Exeter Civic Society

Exeter Civic Society

Harlequins Centre Redevelopment

We have copied some of the revised drawings from the planning application site so members can view the application more easily.

In 2019 Exeter City Council received a planning application for the redevelopment of the shopping centre site to build a Hotel and a Co-living block. The proposals were for 298 co-living rooms with amenity space and 230 cycle spaces, and the hotel would have 114 bedrooms with restaurant and 42 parking spaces. The Harlequins Centre has had a troubled recent past with many shop units being empty, and it’s exterior architecture is said by many to be ugly and over bearing, particularly the Paul Street elevations which are austere and without windows or any interest. The concrete vehicular ramp from Paul Street to the Guildhall Centre car park is an eyesore and a hindrance to redevelopment of the site, but needs to remain for the foreseeble future.

The application for redevelopment from Curlew Developments has been roundly condemned with over 200 objections, including from the Civic Society and English Heritage. Whilst many of us wish to see the Harlequins Centre buildings replaced and for Paul Street to be made more attractive, the height and mass of the proposed redevelopment is not appropriate for this site, which is positioned in the City Centre Conservation area, is adjacent to the Roman City Wall (a national monument), and is adjacent to the St Davids Conservation area and homes in Northernhay Street.

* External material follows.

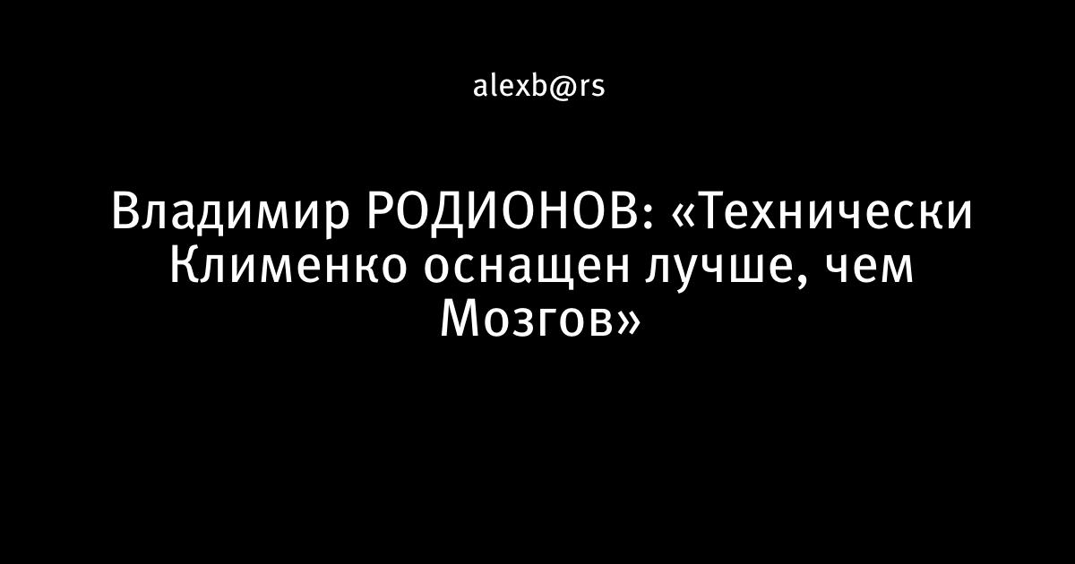 Владимир РОДИОНОВ: «Технически Клименко оснащен лучше, чем Мозгов»

As a result of the large number of objections, the applicant decided to submit a slightly revised scheme in May 2020 by reducing the height of the two blocks by one floor, removing co-living rooms from the Hotel block, and changing the designs of each block to differentiate each. The overall level of accommodation now is 259 co-living rooms and 138 cycle spaces and the hotel will have 128 bedrooms with 44 car park spaces. The Co-living block has five floors of accommodation plus the ground floor which is 1.5 floor height, and a roof parapet to shield equipment located there; in all this equates to seven storeys, but adjacent buildings are 3-4 storeys. The Hotel block is similar in height to the Guildhall Centre but the tower part also extends to seven storeys from street level with the block fronting Paul Street extending to five storeys.

It is highly likely that the Civic Society will again object to the revised proposals.